Usos y abusos de Olympia de Manet

Cuando Édouard Manet estrenó su cuadro Olympia en 1865, la crítica se escandalizó ante un desnudo que parecía «la reina de corazones después de un baño». Hoy están más interesados en imponer estereotipos esencialistas sobre la criada negra que está a su lado.

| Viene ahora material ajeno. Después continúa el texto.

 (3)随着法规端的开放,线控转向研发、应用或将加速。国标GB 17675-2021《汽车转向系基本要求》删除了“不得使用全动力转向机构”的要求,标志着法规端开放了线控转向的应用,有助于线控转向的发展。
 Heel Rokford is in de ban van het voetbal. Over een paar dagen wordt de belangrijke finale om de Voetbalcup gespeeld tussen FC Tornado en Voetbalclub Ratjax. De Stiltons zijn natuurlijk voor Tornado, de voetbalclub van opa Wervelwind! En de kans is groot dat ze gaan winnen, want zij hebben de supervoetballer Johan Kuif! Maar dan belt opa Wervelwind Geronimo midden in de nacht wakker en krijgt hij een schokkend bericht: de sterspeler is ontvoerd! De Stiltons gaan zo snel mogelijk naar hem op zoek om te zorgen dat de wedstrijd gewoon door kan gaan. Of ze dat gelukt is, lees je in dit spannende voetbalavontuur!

Cuando Édouard Manet expuso por primera vez Olympia en 1865, se desató una tormenta. Los espectadores se escandalizaron por el tema —la desnudez de la modelo— y por su tratamiento formal: los críticos lamentaron la falta de acabado, el fuerte contraste entre la luz y la oscuridad y, sobre todo, la crudeza de la mirada de la modelo hacia el espectador. Para la crítica de la época, el impactante tratamiento de las formas de Manet iba acompañado de un sentimiento de indignación moral en torno al género y la clase social. Olympia rompió sutil pero poderosamente todas las reglas tácitas sobre el desnudo en la pintura y sentó las bases de una nueva y revolucionaria forma de arte moderno.

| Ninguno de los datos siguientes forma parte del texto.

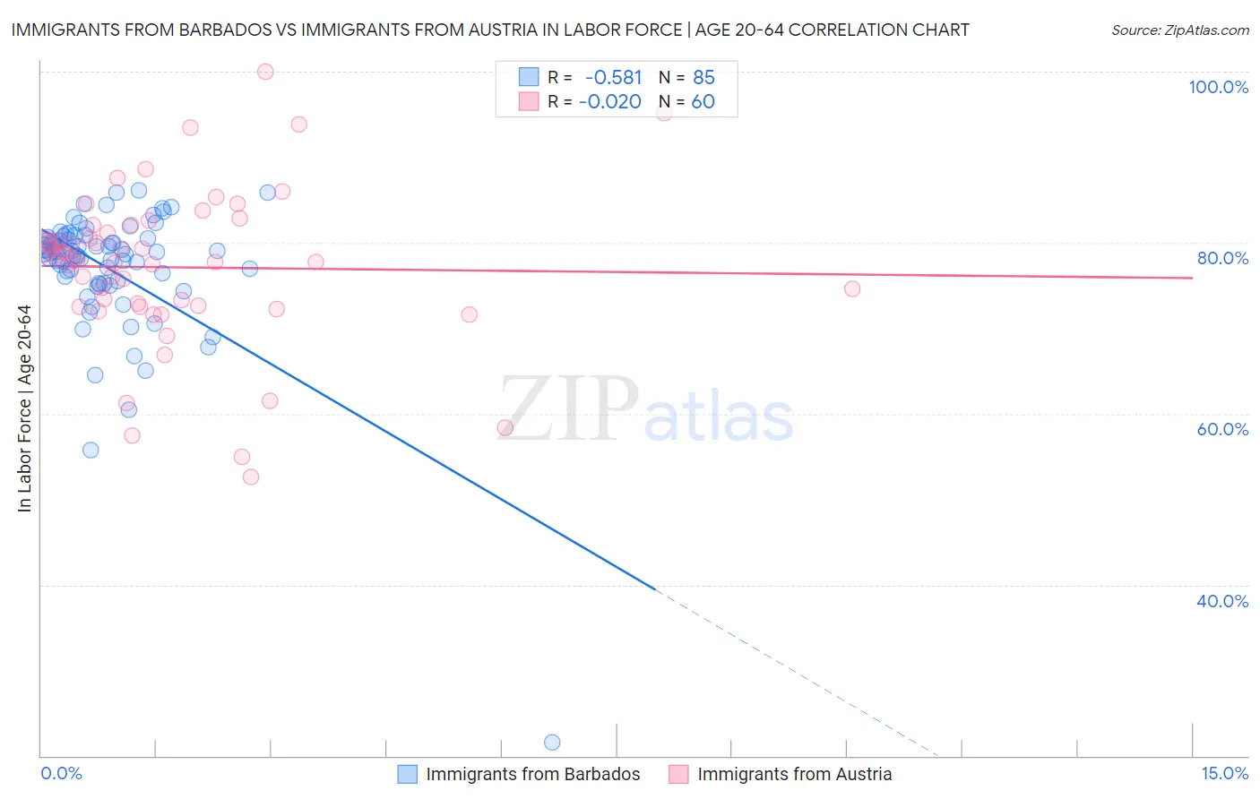 Immigrants from Barbados vs Immigrants from Austria In Labor Force | Age 20-64 Correlation Chart

Olympia ha sido objeto de innumerables interpretaciones durante más de un siglo, pero hay un tema que parece haber eludido los comentarios críticos: la raza. Si la modelo blanca Victorine Meurent ha sido el centro de muchas interpretaciones, qué decir del otro personaje, igualmente central: la criada negra de la modelo, Laure, cuyo apellido nunca se supo. No fue el hecho de que una mujer negra sirviera a una blanca lo que produjo el escándalo, sino el modo en que Manet pintó esa relación (con las flores apareciendo como un desplazamiento de los genitales de la modelo blanca). Las cosas son diferentes ahora; hoy, más que el desnudo, nos interesa más la relación de los artistas con la raza. Sin embargo, Laure estuvo totalmente ausente de la historia del arte… Hasta hace poco.

En 1999, el historiador del arte T. J. Clark, autor del relato más influyente sobre Olimpia, se horrorizó por lo que había pasado por alto en el cuadro: «¡Por el amor de Dios! Has escrito sobre la mujer blanca en la cama durante cincuenta páginas y más, ¡y apenas has mencionado a la mujer negra a su lado!». A partir de entonces, la suerte de Laure en la crítica ha cambiado radicalmente. «La criada de Olympia» se ha convertido en uno de los lugares privilegiados para el debate sobre la raza en la historia del arte.

Laure fue el eje de la exposición de la Wallach Art Gallery en 2018 titulada Posing Modernity: The Black Model From Manet and Matisse to Today , una de las exposiciones más influyentes de los últimos años, que fue objeto de numerosos comentarios. Basada en la disertación de Denise Murrell —también autora del fastuoso catálogo—, su muestra pasó a constituir la base de una exposición y un catálogo aún más vastos en 2019, Le Modèle noir de Géricault à Matisse en el Museo de Orsay de París, que también fue objeto de amplia repercusión.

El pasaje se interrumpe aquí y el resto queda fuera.